(DATA FOR ANALYSIS Opens)
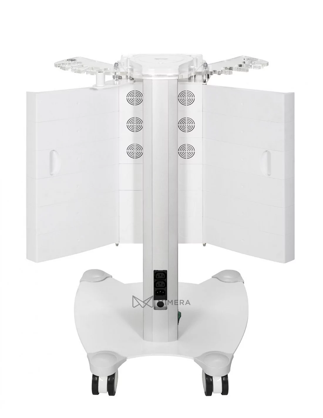 Zadná časť stojana disponuje elektrickou zástrčkou na napájací kábel a 2 elektrickými zásuvkami pre kozmetické prístroje.
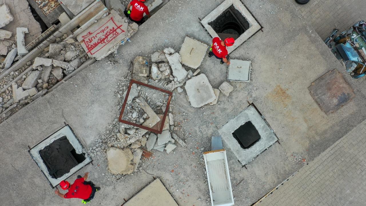 İzmir İl Afet ve Acil Durum Yönetimi Başkanlığının (AFAD) eğitim alanında düzenli tatbikatlar yaparak olası afetlere müdahale yetkinliğini geliştirmeye çalışan PAK timi, tatbikatta enkaz altında kalanlara ulaşılması, kurtarılması, ilk müdahale sürecinde yöntemler ve ekipman kullanımına ilişkin pratikler yapılıyor.
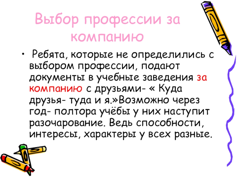 Выбор профессии за компанию Ребята, которые не определились с выбором профессии, подают документы в учебные заведения за
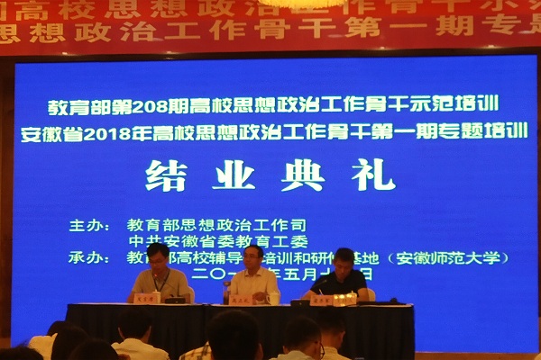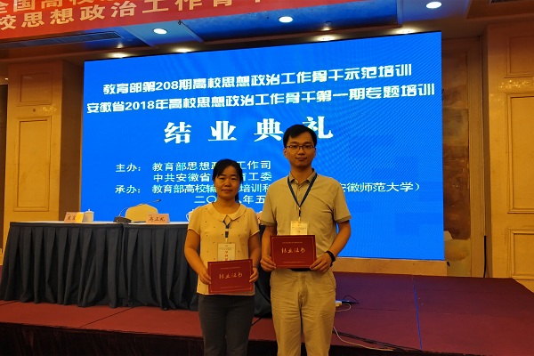 本网讯 (通讯员:周景、苏荣萍) 为深入学习宣传贯彻落实习近平新时代中国特色社会主义思想和党的十九大精神,把全国全省高校思想政治工作会议精神贯彻落实引向深入,进一步提高高校思想政治工作骨干的综合素质和能力水平,根据《高校思想政治工作质量提升工程实施纲要》《普通高等学校辅导员队伍建设规定》和《安徽省高等学校辅导员培训计划(2016-2020年)》要求,教育部高校辅导员培训和研修基地(安徽师范大学)于5月16日至5月18日举办教育部第208期高校思想政治工作骨干示范培训暨安徽省2018年高校思想政治工作骨干第一期专题培训。本次会议共有近300名全国高校代表参加,外国语学院副院长周景、财会与金融学院辅导员苏荣萍代表伟德官网参会。
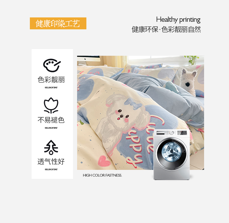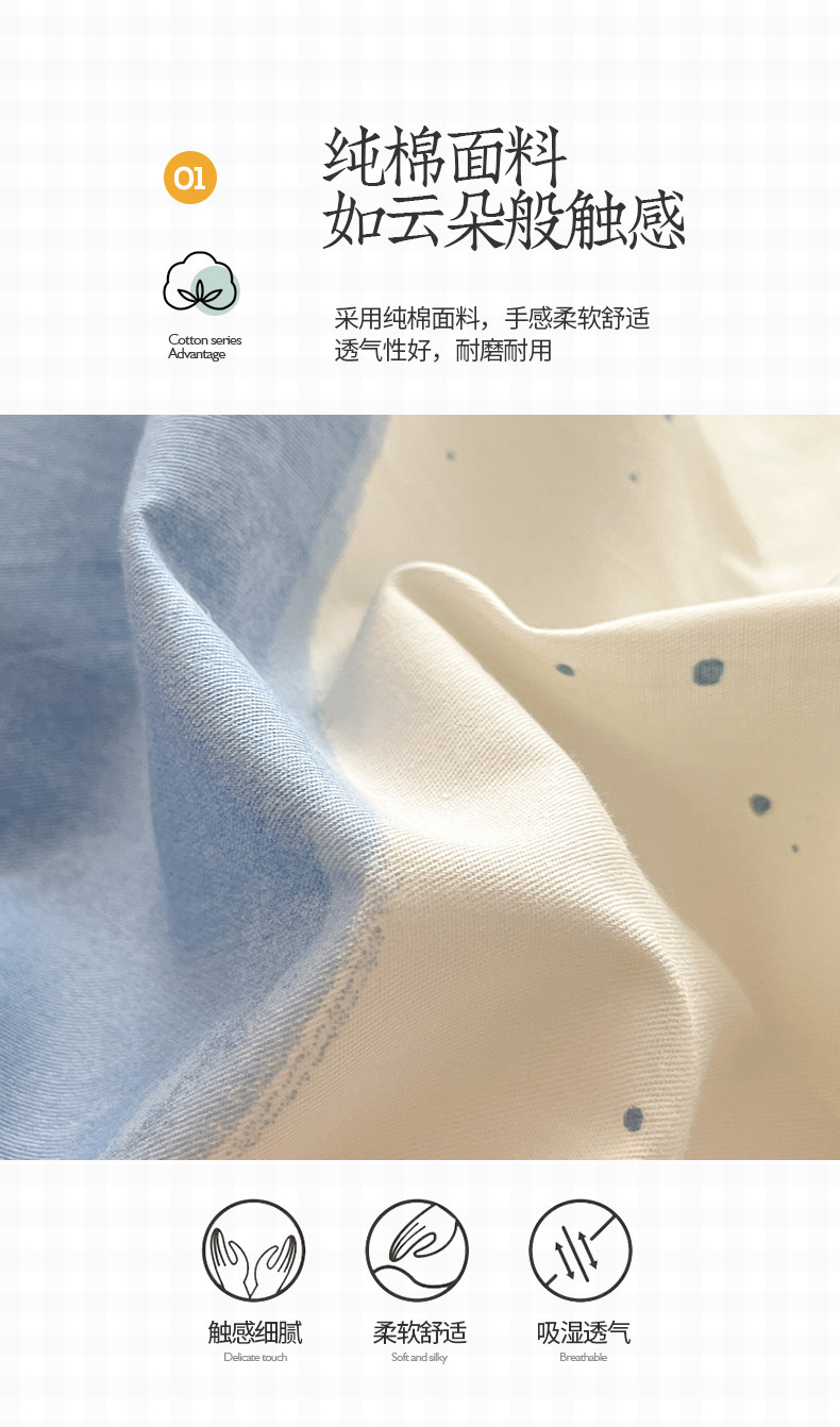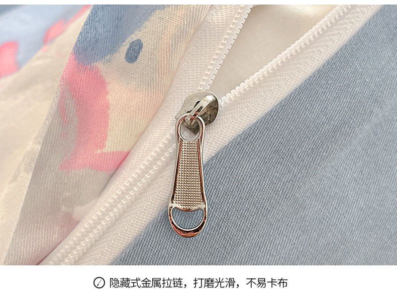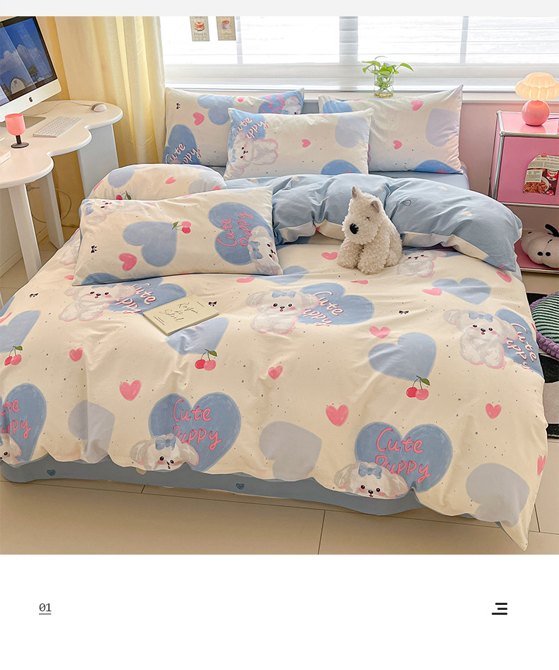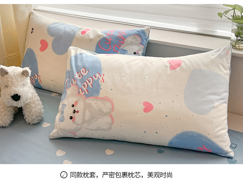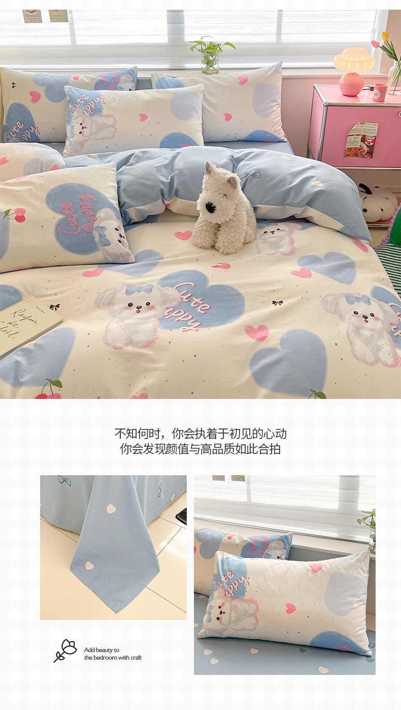 商品名称:桃子家居 2024新款纯棉13372粉梦可爱小清新卡通系列四件套 棉-蓝心萌宠
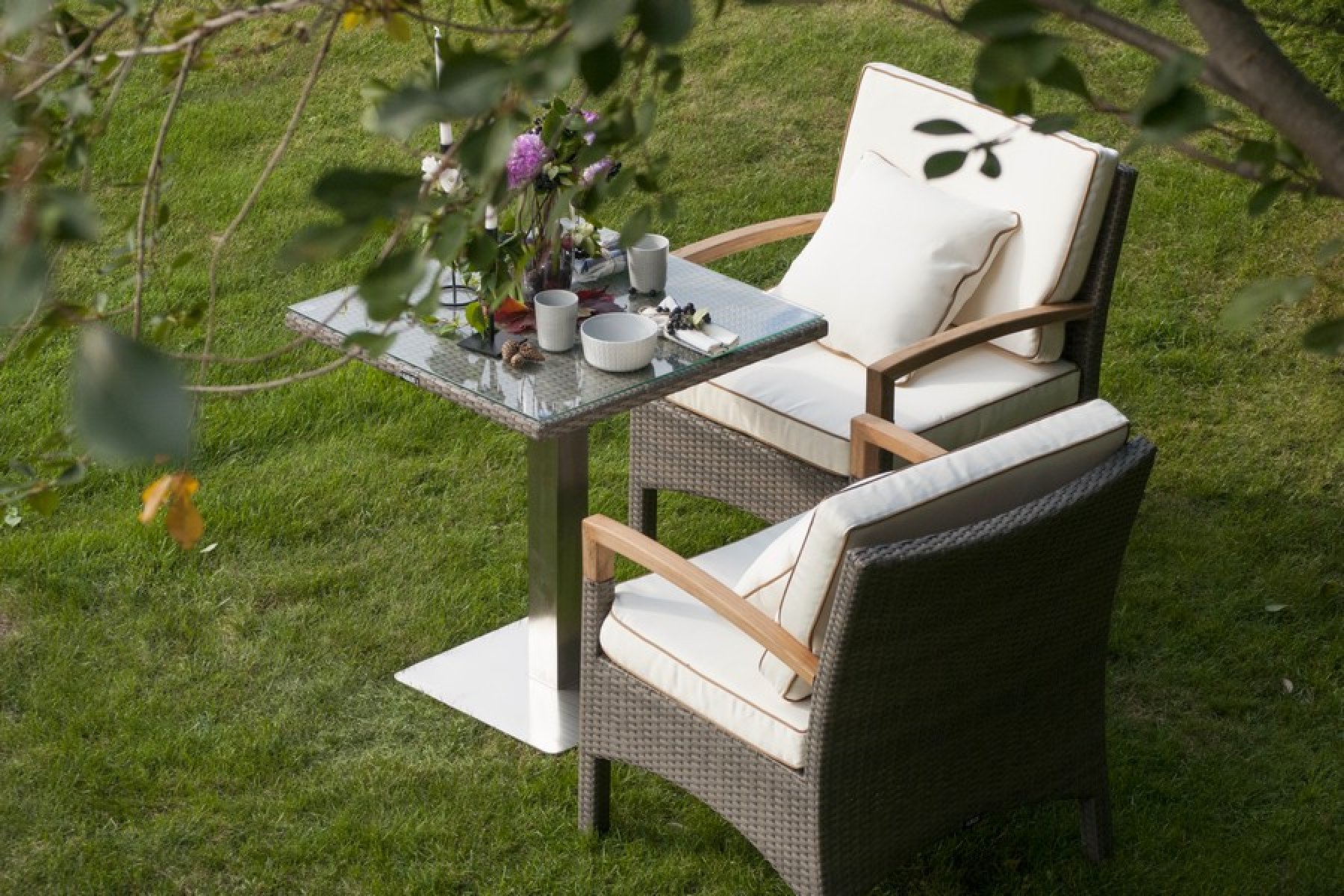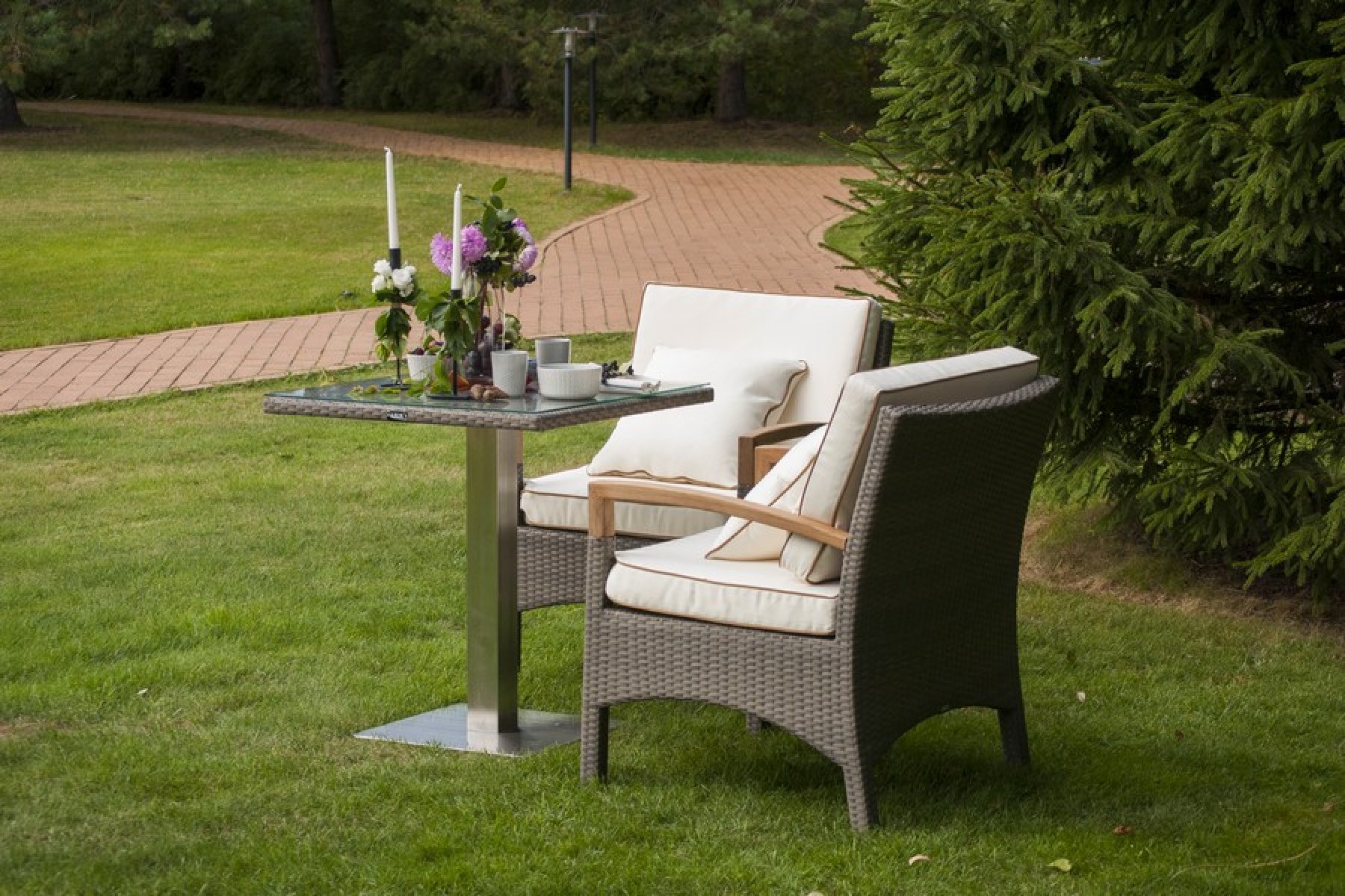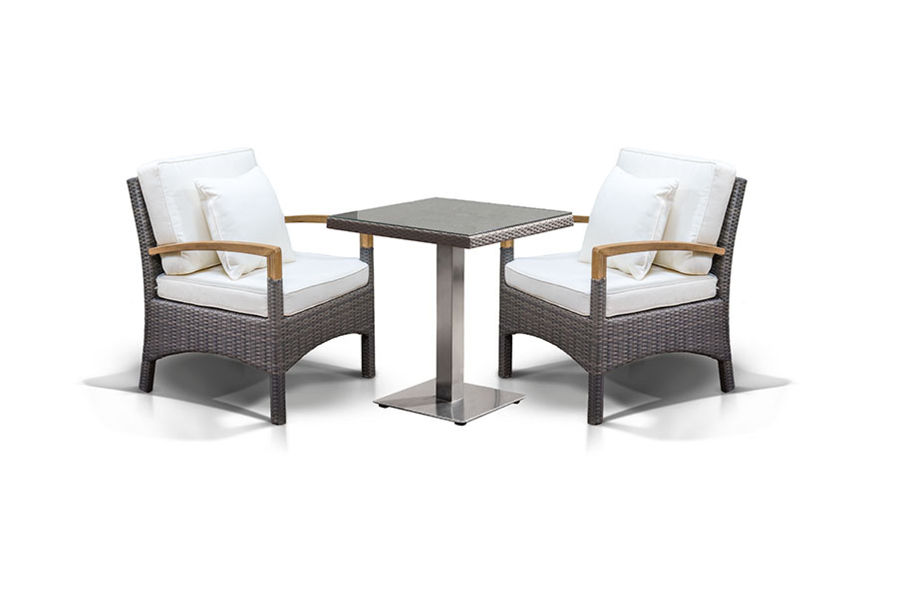 В комплект обеденной группы входит один обеденный стол, два стула
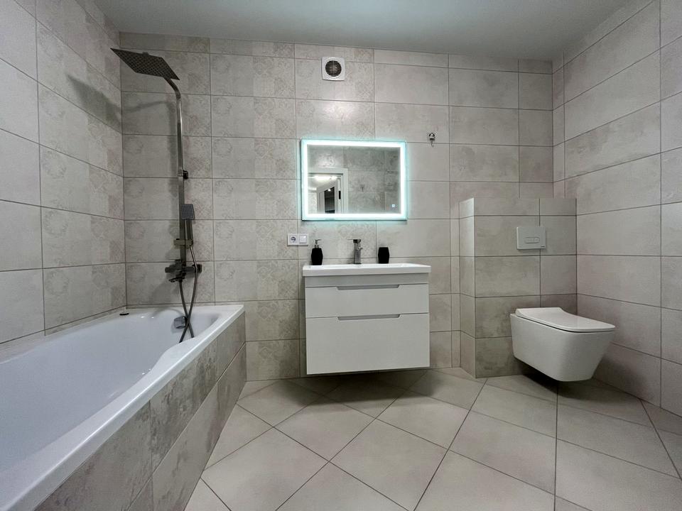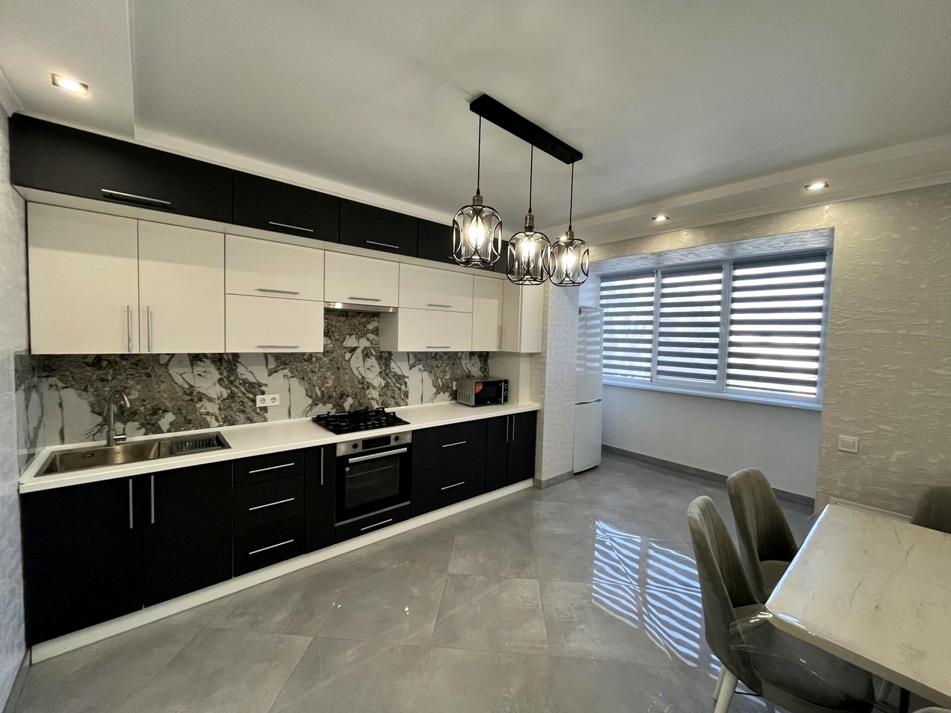 Повністю укомплектована: Залишається абсолютно все! Вмонтована кухня, вся необхідна техніка (варильна поверхня, духова шафа, витяжка, холодильник, пральна машина), меблі (двоспальне ліжко з матрацом, диван, обідній стіл, шафи). Формат "заходь і живи"!
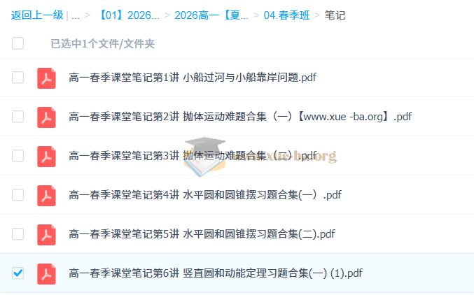 高一春季课堂笔记第6讲 竖直圆和动能定理习题合集(一) (1).pdf
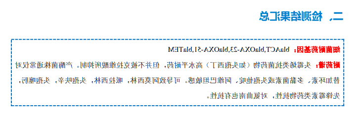 结果提示对头霉烯类抗菌药物(如头孢西丁)高水平耐药,但并不被克拉维酸所抑制。产酶菌株通常仅对替加环素、多黏菌素或头孢他啶、阿维巴坦敏感。可导致阿莫西林,哌拉西林,头孢呋辛,头孢噻肟,先锋霉素类药物抗性,对氨曲南也有抗性。
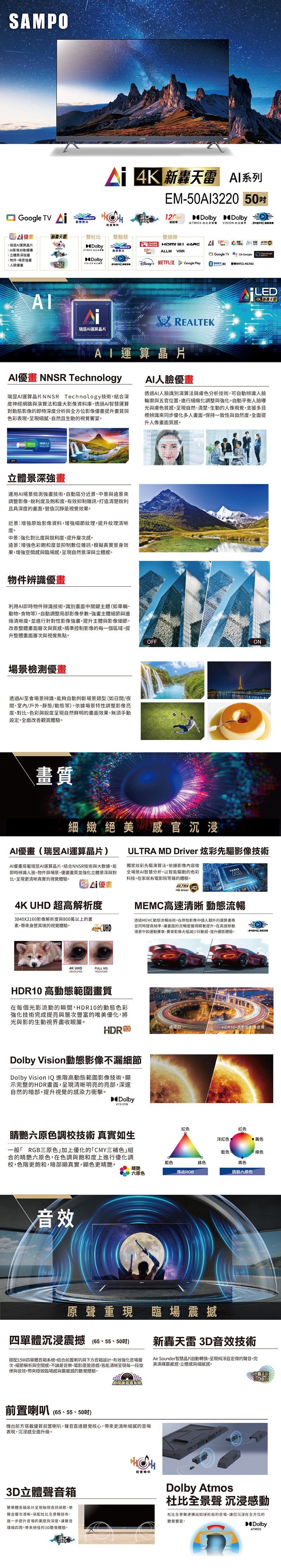 (送基本安裝)聲寶 50吋4K AI新轟天雷GoogleTV液晶顯示器 EM-50AI3220
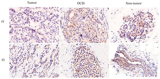 The immunohistochemistry analysis revealed the expression of growth differentiation factor 11 (GDF11) in the cytoplasm and focal membrane of all examined tissues, including breast cancer, ductal carcinoma in situ (DCIS), and non-tumor tissues. Interestingly, the GDF11 expression was higher in the DCIS and normal tissue specimens compared to the tumorous specimens (#1 and #2).
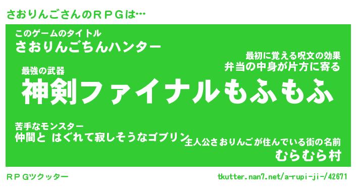 | 伝説のあだ名 | 『不死鳥の傭兵さおりんご』 |
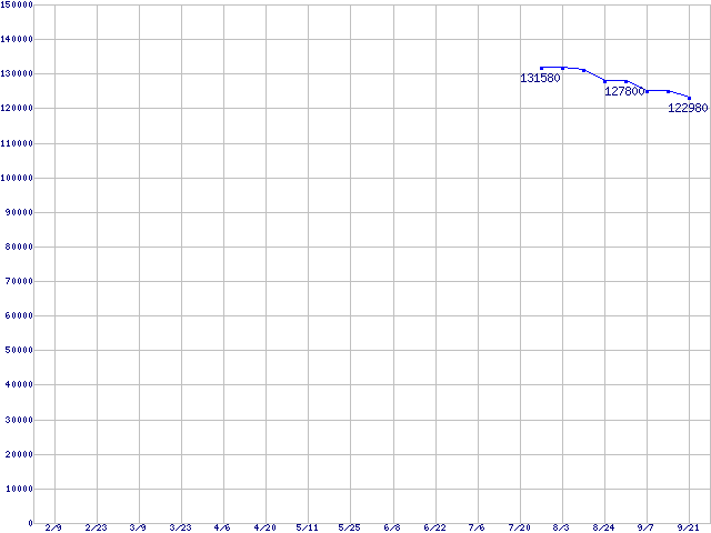 | LGA775 (FSB 1066MHz,L2 4MB×2,Quad Core,EM64T対応)の最安値推移 | | | (2007年2月9日~2007年9月21日) |
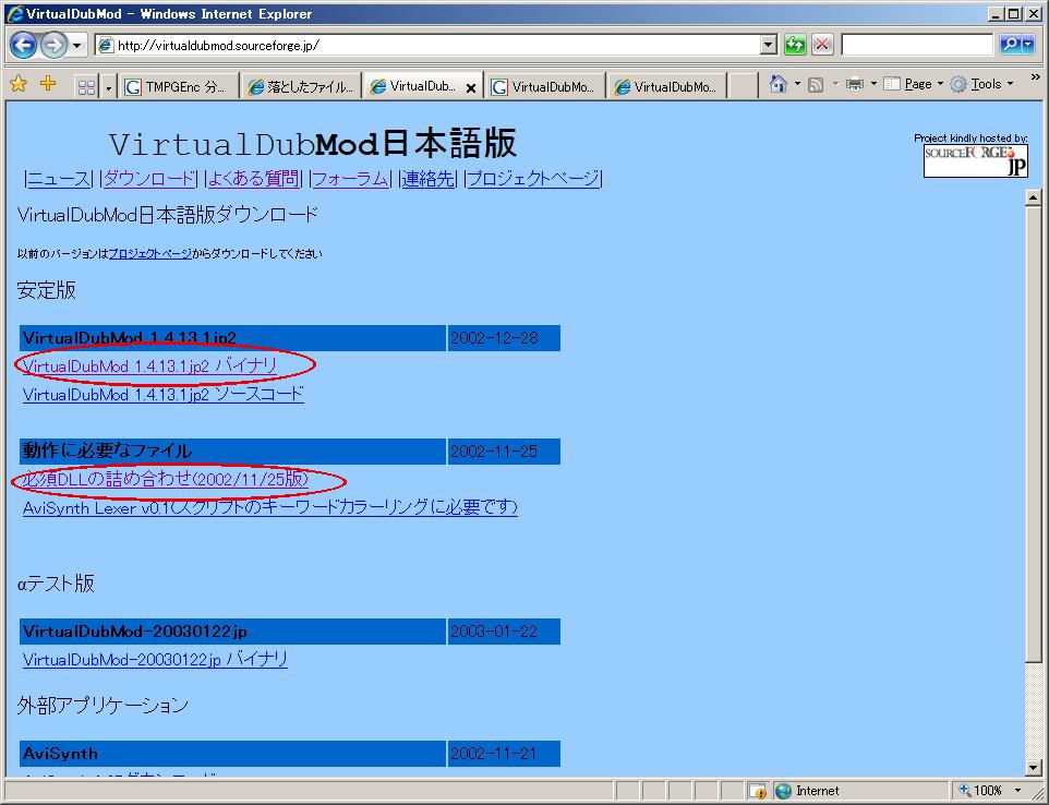 「VirtualDubMod 1.4.13.1jp2 バイナリ」
(DATA FOR ANALYSIS Closes)
> [TASK INSTRUCTIONS]: Every entry above needs to be duplicated precisely, and none of the pictures should appear.

> [SOLVED EXERCISE]:
 Zadná časť stojana disponuje elektrickou zástrčkou na napájací kábel a 2 elektrickými zásuvkami pre kozmetické prístroje.
 İzmir İl Afet ve Acil Durum Yönetimi Başkanlığının (AFAD) eğitim alanında düzenli tatbikatlar yaparak olası afetlere müdahale yetkinliğini geliştirmeye çalışan PAK timi, tatbikatta enkaz altında kalanlara ulaşılması, kurtarılması, ilk müdahale sürecinde yöntemler ve ekipman kullanımına ilişkin pratikler yapılıyor.
 Выбор профессии за компанию Ребята, которые не определились с выбором профессии, подают документы в учебные заведения за
 本网讯 (通讯员:周景、苏荣萍) 为深入学习宣传贯彻落实习近平新时代中国特色社会主义思想和党的十九大精神,把全国全省高校思想政治工作会议精神贯彻落实引向深入,进一步提高高校思想政治工作骨干的综合素质和能力水平,根据《高校思想政治工作质量提升工程实施纲要》《普通高等学校辅导员队伍建设规定》和《安徽省高等学校辅导员培训计划(2016-2020年)》要求,教育部高校辅导员培训和研修基地(安徽师范大学)于5月16日至5月18日举办教育部第208期高校思想政治工作骨干示范培训暨安徽省2018年高校思想政治工作骨干第一期专题培训。本次会议共有近300名全国高校代表参加,外国语学院副院长周景、财会与金融学院辅导员苏荣萍代表伟德官网参会。
 商品名称:桃子家居 2024新款纯棉13372粉梦可爱小清新卡通系列四件套 棉-蓝心萌宠
 В комплект обеденной группы входит один обеденный стол, два стула
 Повністю укомплектована: Залишається абсолютно все! Вмонтована кухня, вся необхідна техніка (варильна поверхня, духова шафа, витяжка, холодильник, пральна машина), меблі (двоспальне ліжко з матрацом, диван, обідній стіл, шафи). Формат "заходь і живи"!
 高一春季课堂笔记第6讲 竖直圆和动能定理习题合集(一) (1).pdf
 结果提示对头霉烯类抗菌药物(如头孢西丁)高水平耐药,但并不被克拉维酸所抑制。产酶菌株通常仅对替加环素、多黏菌素或头孢他啶、阿维巴坦敏感。可导致阿莫西林,哌拉西林,头孢呋辛,头孢噻肟,先锋霉素类药物抗性,对氨曲南也有抗性。
 (送基本安裝)聲寶 50吋4K AI新轟天雷GoogleTV液晶顯示器 EM-50AI3220
 The immunohistochemistry analysis revealed the expression of growth differentiation factor 11 (GDF11) in the cytoplasm and focal membrane of all examined tissues, including breast cancer, ductal carcinoma in situ (DCIS), and non-tumor tissues. Interestingly, the GDF11 expression was higher in the DCIS and normal tissue specimens compared to the tumorous specimens (#1 and #2).
 | 伝説のあだ名 | 『不死鳥の傭兵さおりんご』 |
 | LGA775 (FSB 1066MHz,L2 4MB×2,Quad Core,EM64T対応)の最安値推移 | | | (2007年2月9日~2007年9月21日) |
 「VirtualDubMod 1.4.13.1jp2 バイナリ」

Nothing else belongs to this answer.